KVPY Sample Paper KVPY Stream-SX Model Paper-15

  • question_answer
    If \[{{\overline{X}}_{1}}\] and \[{{\overline{X}}_{2}}\] are the means of two distributions such that \[{{\overline{X}}_{1}}<{{\overline{X}}_{2}}\] and \[\overline{X}\] is the mean of the combined distribution, then

    A) \[\overline{X}<{{\overline{X}}_{1}}\]   

    B) \[\overline{X}>{{\overline{X}}_{2}}\]

    C) \[\overline{X}=\frac{{{\overline{X}}_{1}}+{{\overline{X}}_{2}}}{2}\]  

    D) \[{{\overline{X}}_{1}}<\overline{X}<{{\overline{X}}_{2}}\]

    Correct Answer: D

    Solution :

    Let \[{{n}_{1}}\] and \[{{n}_{2}}\]be the number of observation in two groups having means \[{{\overline{X}}_{1}}\] and \[{{\overline{X}}_{2}}\] respectively.

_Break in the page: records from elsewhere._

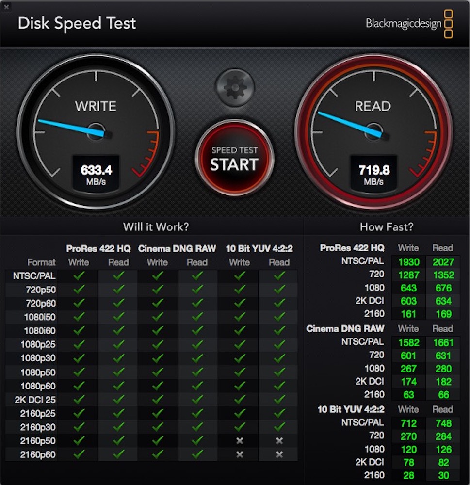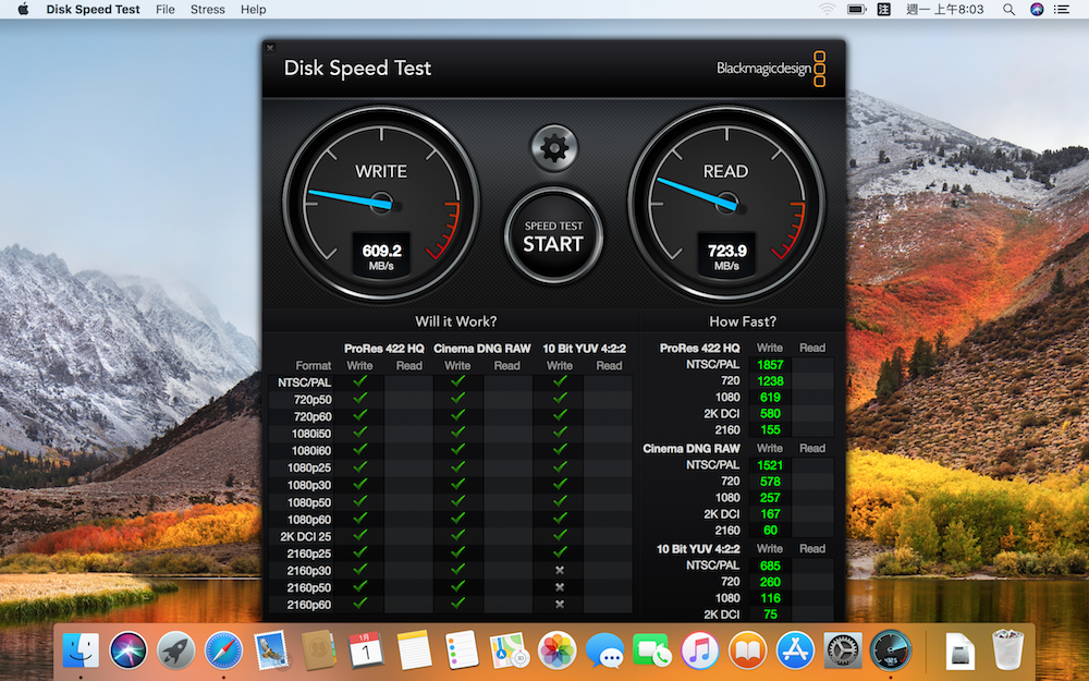而 AJA System Test Lite 所測出的讀寫成績,與 Disk Speed Test 大致相同,寫入成績為 630 MB / s,而讀取成績則是落在 719 MB / s,讀寫速度甚至超越原廠內建的 SSD,大幅加快了檔案的讀寫時間,讓原本讀寫速度較慢的老舊 MacBook Pro 2013,有了更快速且順暢的反應(速度會因系統效能有所不同)
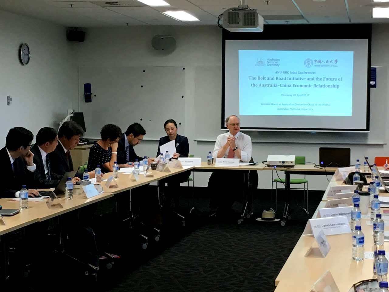 4月19日,人大研究团队一行受邀出席澳大利亚国立大学(ANU)东亚经济研究所(EABER)主办的“中国海外直接投资数据库研讨会”。ANU资深教授、EABER所长、 “学术界APEC之父”Peter Drysdale教授主持会议,澳大利亚财政部外国投资与贸易政策司首席顾问Adam McKissack出席,来自澳大利亚国立大学、悉尼大学、悉尼科技大学、墨尔本大学、北京大学、清华大学和91暗网 的学者就相关议题进行深入讨论。据悉,这是EABER首次举办的专门邀请人大、北大、清华三所中国顶尖高校学者研讨中澳经贸关系的会议。
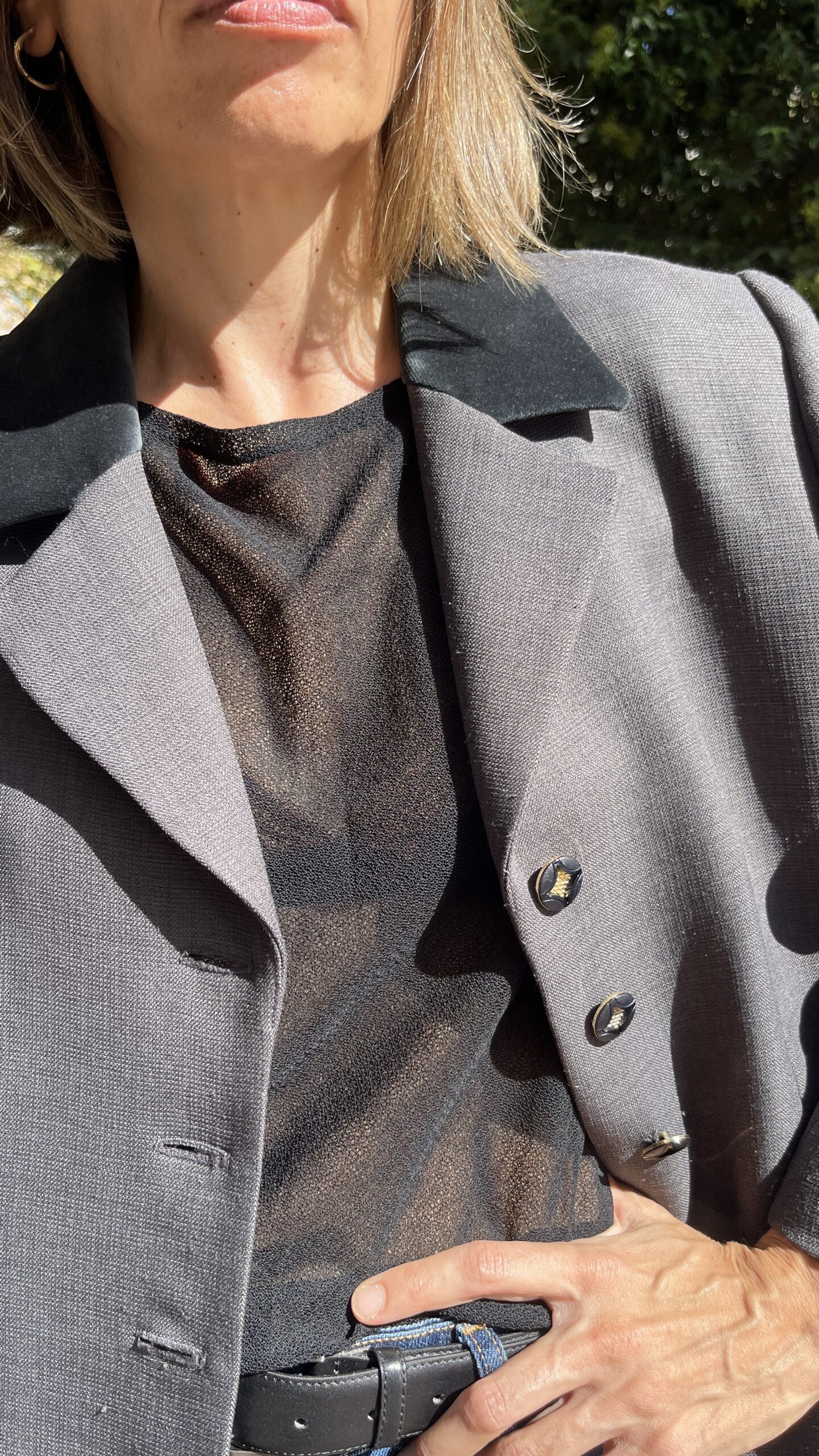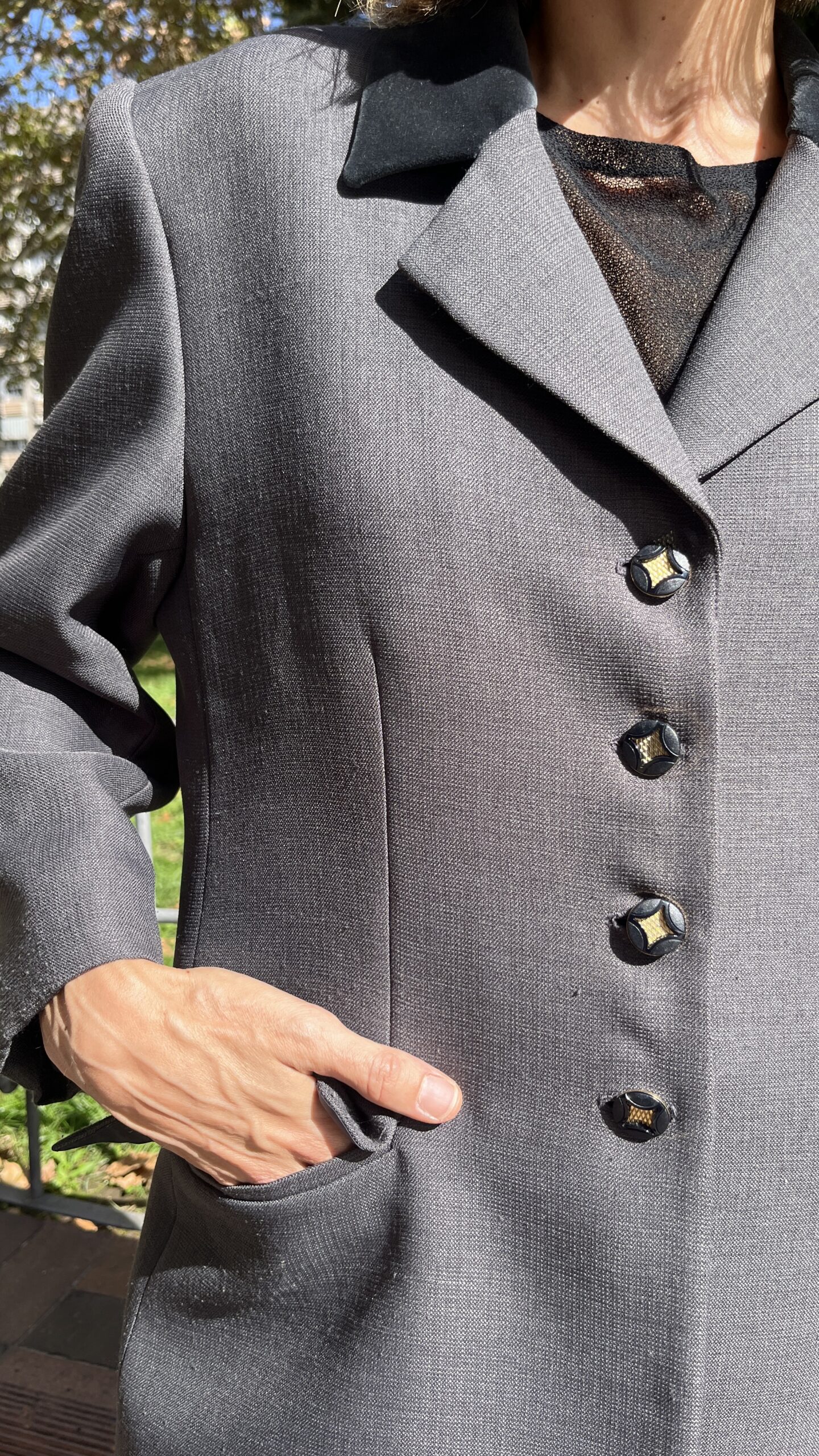 Levita-blazer gris con cuello de terciopelo Made in Spain Años 80
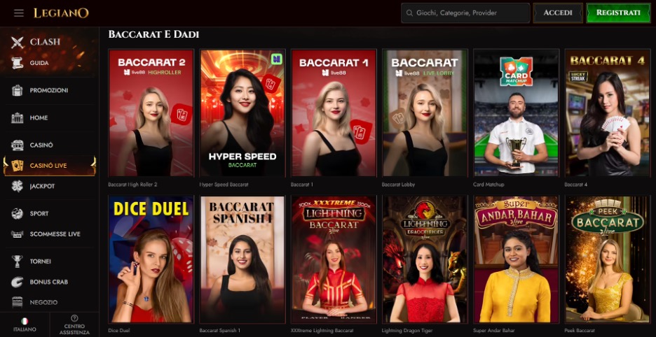 Legiano è una piattaforma moderna e completa, ideale per gli amanti del Baccarat. Offre varianti classiche come il Punto Banco e versioni live con croupier professionisti. Grazie alla grafica avanzata e ai limiti di puntata flessibili, Legiano è perfetto per principianti e giocatori esperti. Le promozioni settimanali e il servizio clienti impeccabile rendono l’esperienza ancora più piacevole.
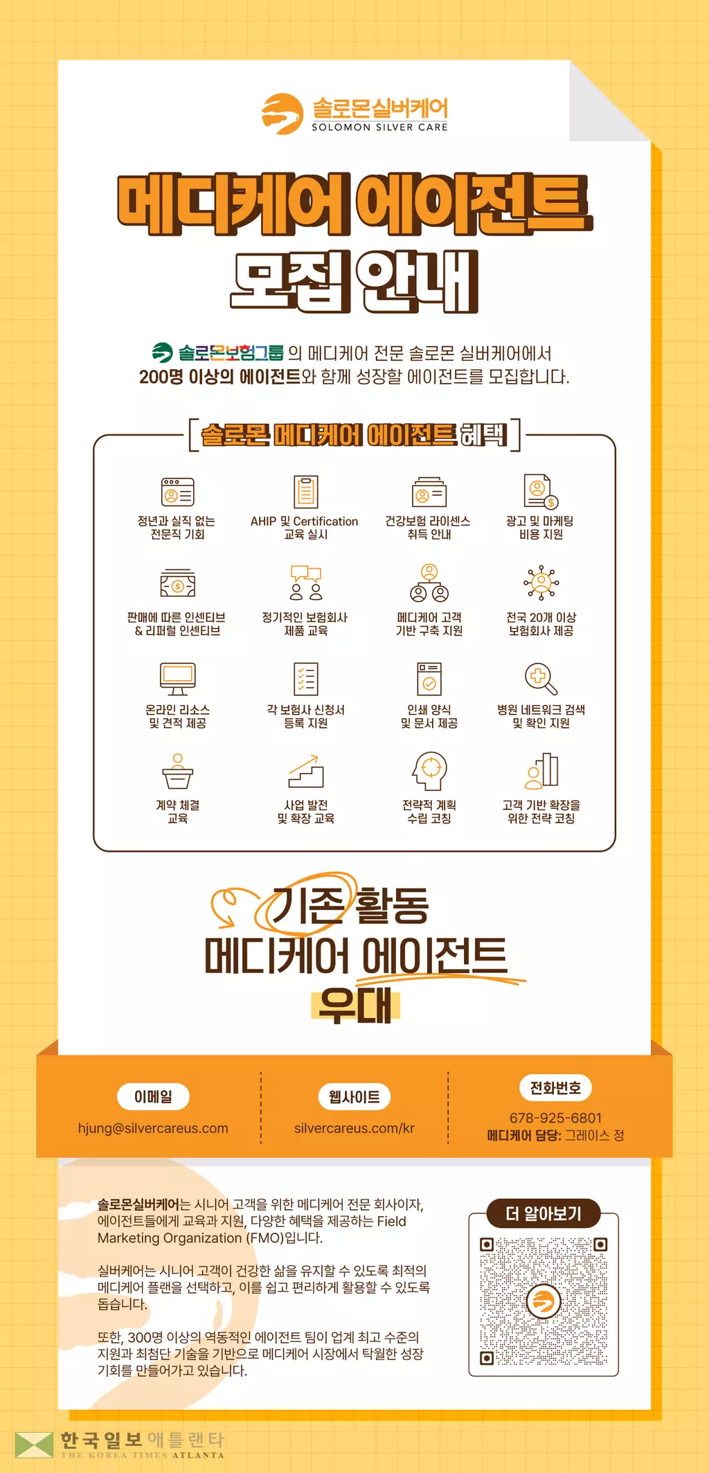 메디케어 에이전트 모집 - 솔로몬보험그룹 에이전트만을 위한 든든한 지원 및 혜택 제공!
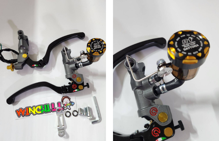 Một cặp bơm ARS G. Trắng + chân thép không gỉ + inox + nắp DAY8.1 màu đồng cho WAVE / PCX / MSLAZ / X1 / DASH / LS / TENA / NOVA-RS / NOUVO-MX / MIO.
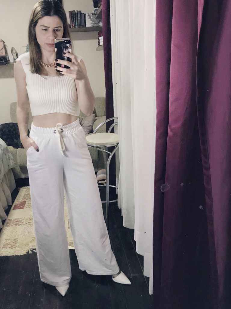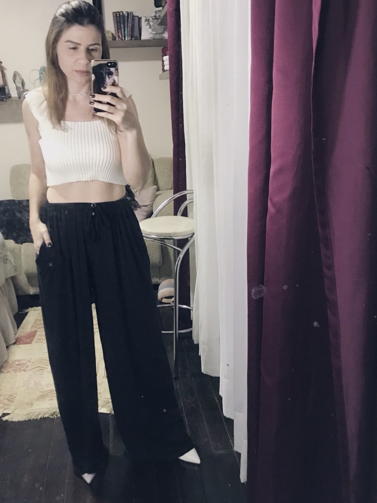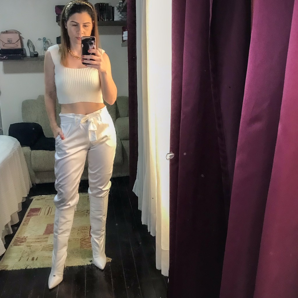 Neste look, apostei no cropped. O cropped trás um ar bastante primaveril. Na calça, adicionei um toque que está bem em alta no momento, o estilo bombacha. O estilo bombacha nada mais é, do que, colocar a bota por cima da calça deixando ela mais solta. Isso dá um toque moderno ao look.
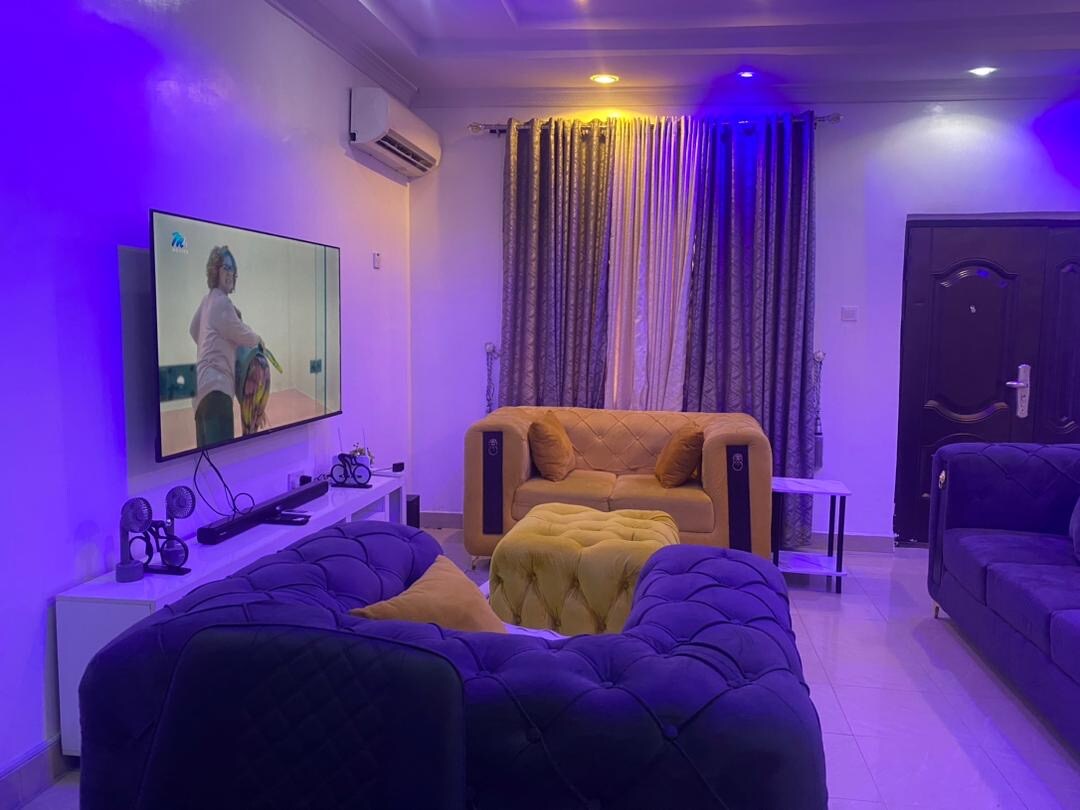 Es un apartamento de 2 dormitorios en el segundo piso de Sunnyville Apartment Estate. Tú y tus seres queridos estarán cerca de todo lo necesario cuando te hospedes en este lugar céntrico. El apartamento está cerca del aeropuerto, una farmacia enfrente, hospital, supermercado, restaurante y mercado de alimentos cerca para todo lo que puedas comer. 24 horas de electricidad generada por inversor y paneles solares y un generador de respaldo además. Transporte accesible, se puede organizar un conductor de recogida a petición.
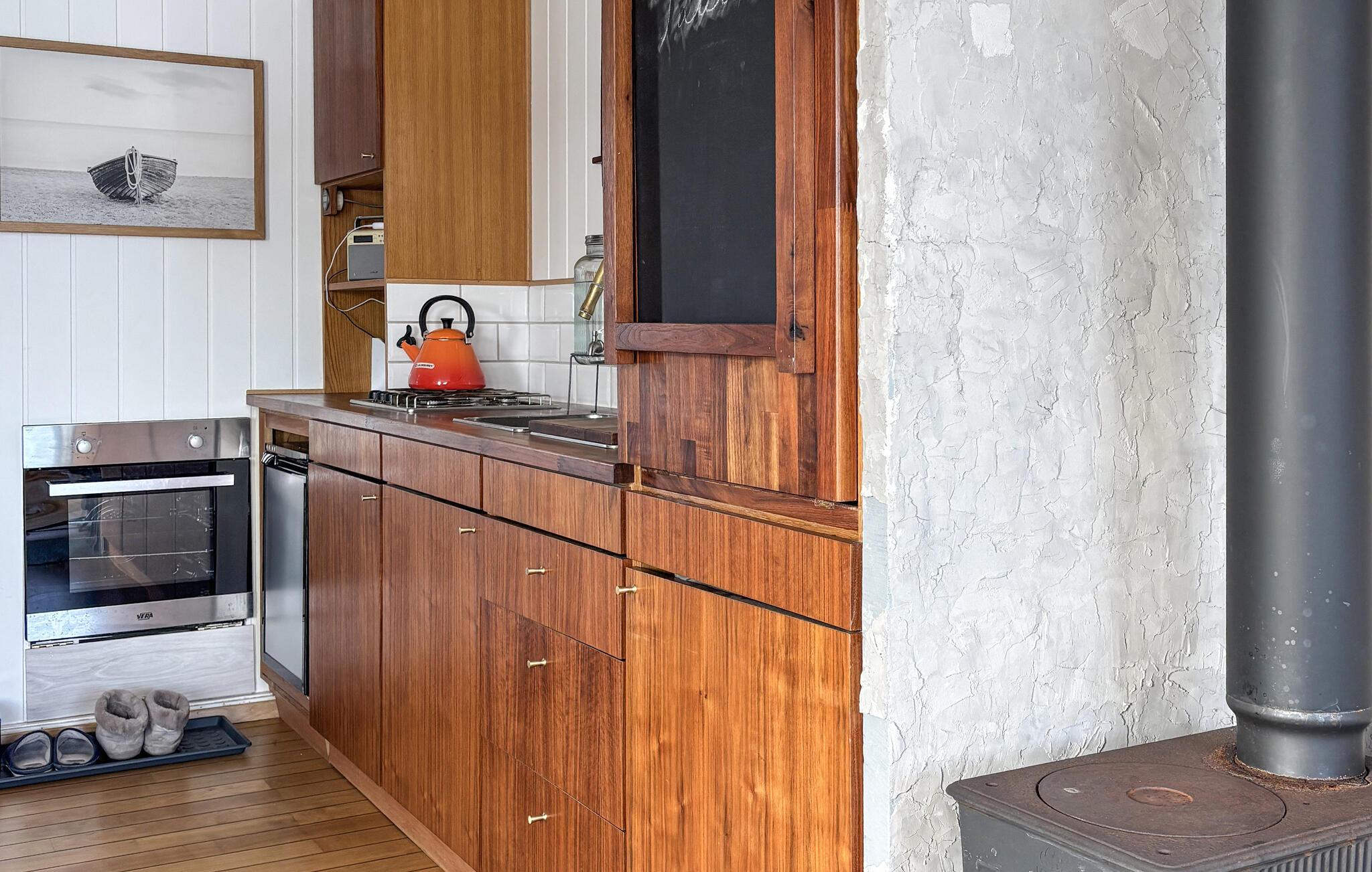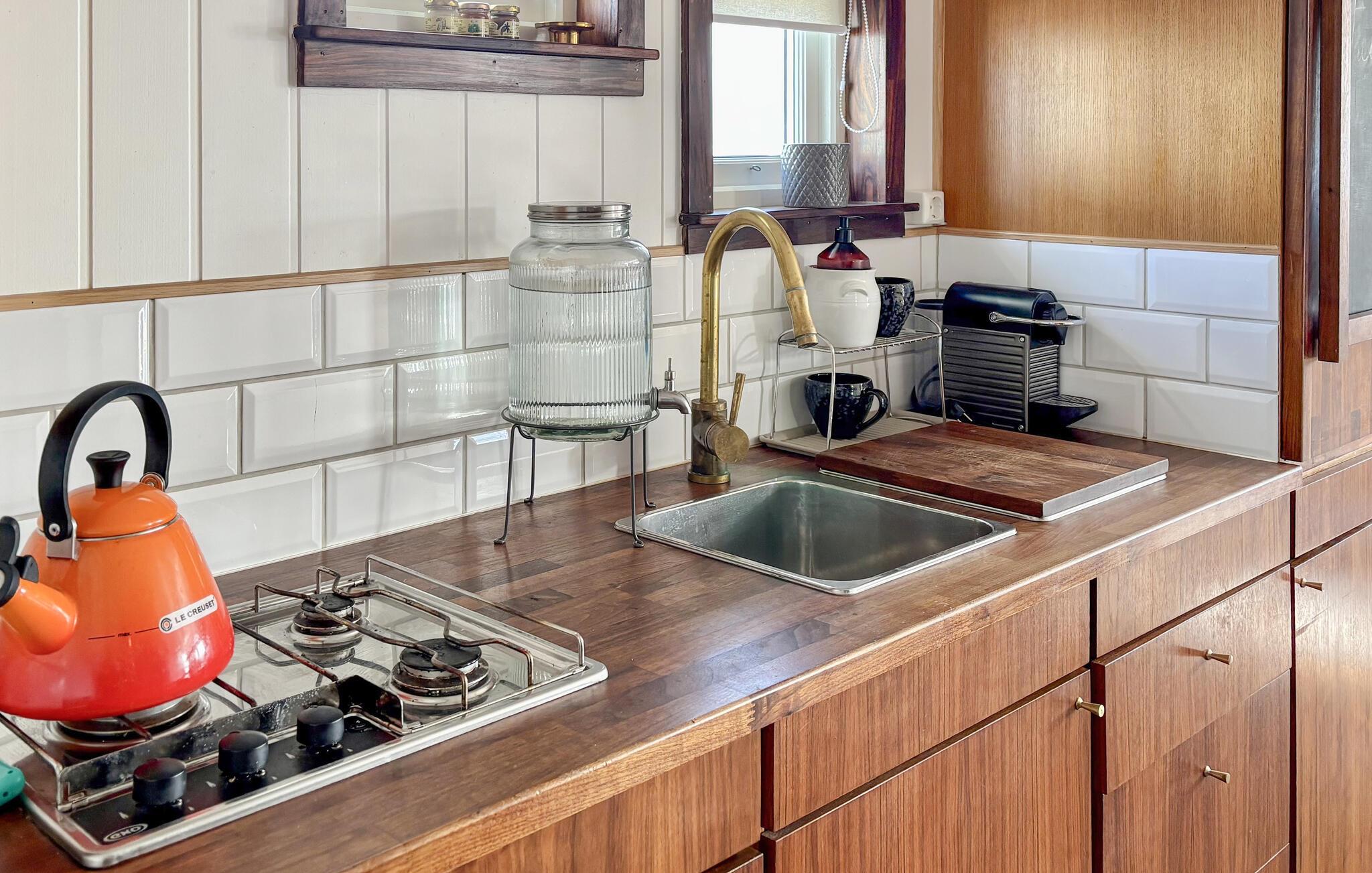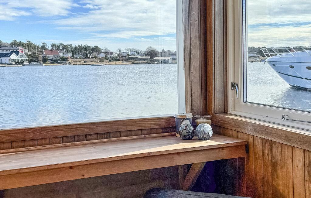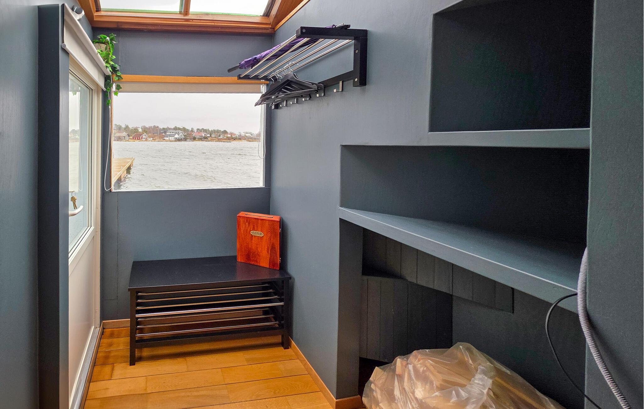 Oplev et hyggeligt, nautisk inspireret interiør med varme trædetaljer og store vinduer. Sæt jer godt til rette i sofaen og nyd vandet. Tilbered måltider i det åbne køkken, og saml jer omkring spiseområdet med barstole. Udnyt de mange siddepladser til at slappe af sammen. Åbn døren til soveområdet og nyd den direkte udsigt over fjorden direkte fra jeres seng.
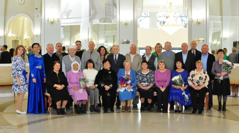 The ceremony honoring 10 couples was held in a festive atmosphere. On behalf of the Mayor of Kazan I. Metshin, the anniversaries were given a congratulatory address and a cash gift.

Then
    \[\overline{X}=\frac{{{n}_{1}}{{\overline{X}}_{1}}+{{n}_{2}}{{\overline{X}}_{2}}}{{{n}_{1}}+{{n}_{2}}}\]
    Now, \[\overline{X}-{{\overline{X}}_{1}}=\frac{{{n}_{1}}{{\overline{X}}_{1}}+{{n}_{2}}{{\overline{X}}_{2}}}{{{n}_{1}}+{{n}_{2}}}-{{\overline{X}}_{1}}\]
    \[\frac{{{n}_{2}}({{\overline{X}}_{2}}+{{\overline{X}}_{1}})}{{{n}_{1}}+{{n}_{2}}}>0\,\,[\,\,\because {{\overline{X}}_{2}}>{{\overline{X}}_{1}}]\]
    \[\Rightarrow \overline{X}>{{\overline{X}}_{1}}\] ??.. (1)
    And, \[\overline{X}-{{\overline{X}}_{2}}=\frac{{{n}_{1}}({{\overline{X}}_{1}}+{{\overline{X}}_{2}})}{{{n}_{1}}+{{n}_{2}}}<0\,\,\,[\,\,\because {{\overline{X}}_{2}}>{{\overline{X}}_{1}}]\]
    \[\Rightarrow \overline{X}<{{\overline{X}}_{1}}\] ??.. (2)
    From (1) and (2) \[\Rightarrow {{\overline{X}}_{1}}<\overline{X}<{{\overline{X}}_{2}}.\]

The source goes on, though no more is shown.